- Born: 2 October 1930 Pyongyang, Heian'nan Province, Korea, Empire of Japan
- Died: 19 November 2006 (aged 76) Seoul, South Korea
- Allegiance: South Korea
- Branch: Republic of Korea Army
- Service years: 1950–1951 1951–1994 (as POW)
- Rank: Lieutenant
- Conflicts: Korean War Battle of Hanseok Mountain at Inje County; ;

Korean name
- Hangul: 조창호
- Hanja: 趙昌浩
- RR: Jo Changho
- MR: Cho Ch'angho

= Cho Chang-ho (military officer) =

South Korean military officer (1930–2006)

Cho Chang-ho (October 2, 1930 – November 19, 2006) was a South Korean military officer who served South Korea, during the Korean War.

Cho Chang-ho is known as the first South Korean POW to escape from North Korea after the Korean Armistice Agreement in 1953.

==Early life and education==
Cho Chang-ho was born in Pyongyang, Heian'nan Province, Korea, Empire of Japan. His family moved to Keijō (Seoul) in 1936. and he graduated from Gyeonggi Commercial High School and entered Yonsei University in 1950.

On 25 June 1950, with the outbreak of Korean War, he entered the Republic of Korea Army in October 1950 and became an ROK Army officer in April 1951.

==Korean War==
In May 1951, he took part in the Battle of Hanseok Mountain at Inje County and became a POW of the Chinese Army before being deported to North Korea.

He was interned for 43 years in North Korea. After being released from a concentration camp for good behavior in August 1964 and assigned to the Hwa-Poong coal mines in North Pyongyang province, he married. The couple divorced after having three children in five years, as the constant surveillance and North Korean demand that they spy on each other made the marriage very difficult.

==Escape==
In October 1994, he escaped from North Korea by crossing the Yalu River to China and was helped by some ethnic Koreans in returning to South Korea. He tried to persuade his children to go with him to China, but they did not want to leave North Korea.

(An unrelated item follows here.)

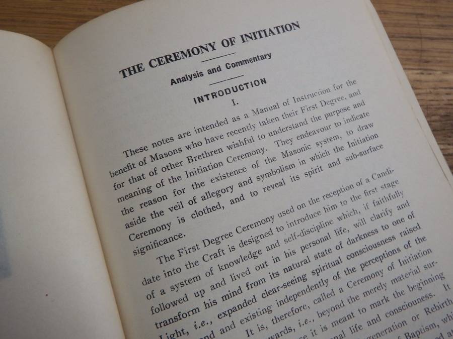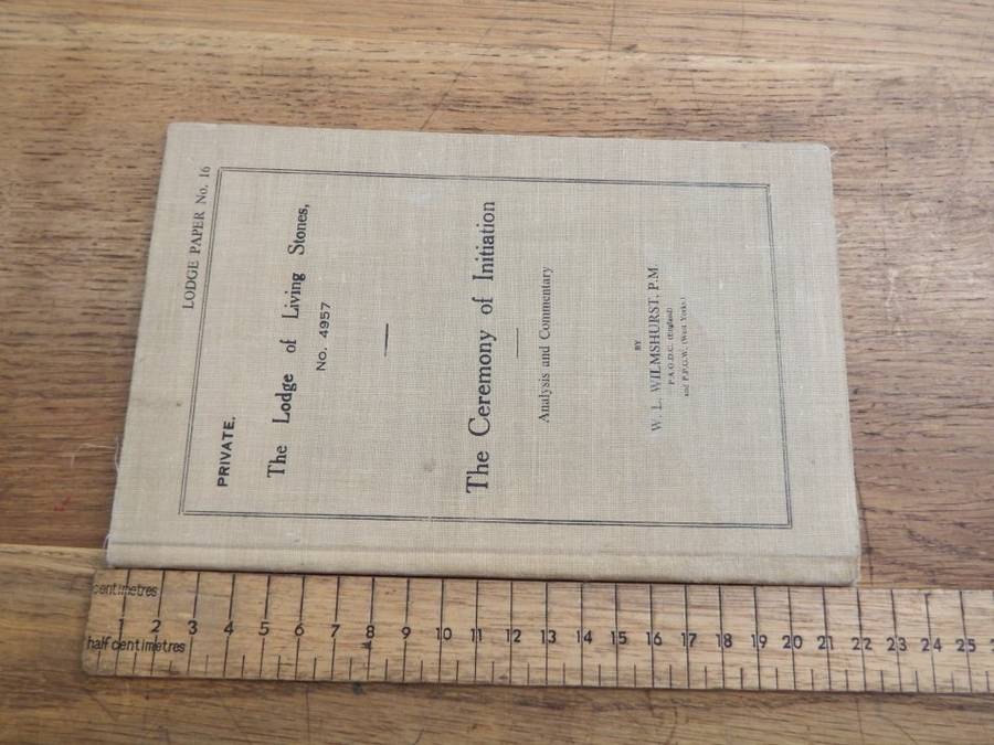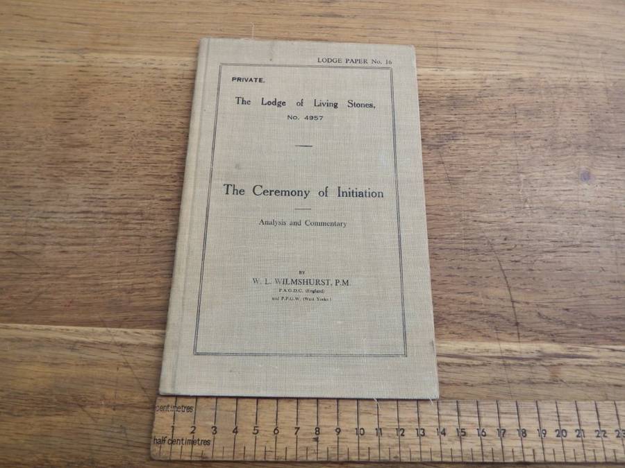 The Ceremony of Initiation by W.L. Wilmshurst - 1953 Privately printed - The Lodge of living stones

In South Korea, he devoted the rest of his life to the repatriation effort of other POWs.

In 2006, he attended United States House Committee on Foreign Affairs and testified about the POW issue.

==Death and legacy==
In 1995, Cho Chang-ho published his autobiography: "돌아온 사자" ("a returned dead person").

Cho Chang-ho died on 19 November 2006.

Cho's children left behind in North Korea are believed to have been arrested and sent to a labour camp.

==In popular culture==
Cho Chang-ho has been depicted on-screen by Cha In-pyo in the South Korean movie Albatross.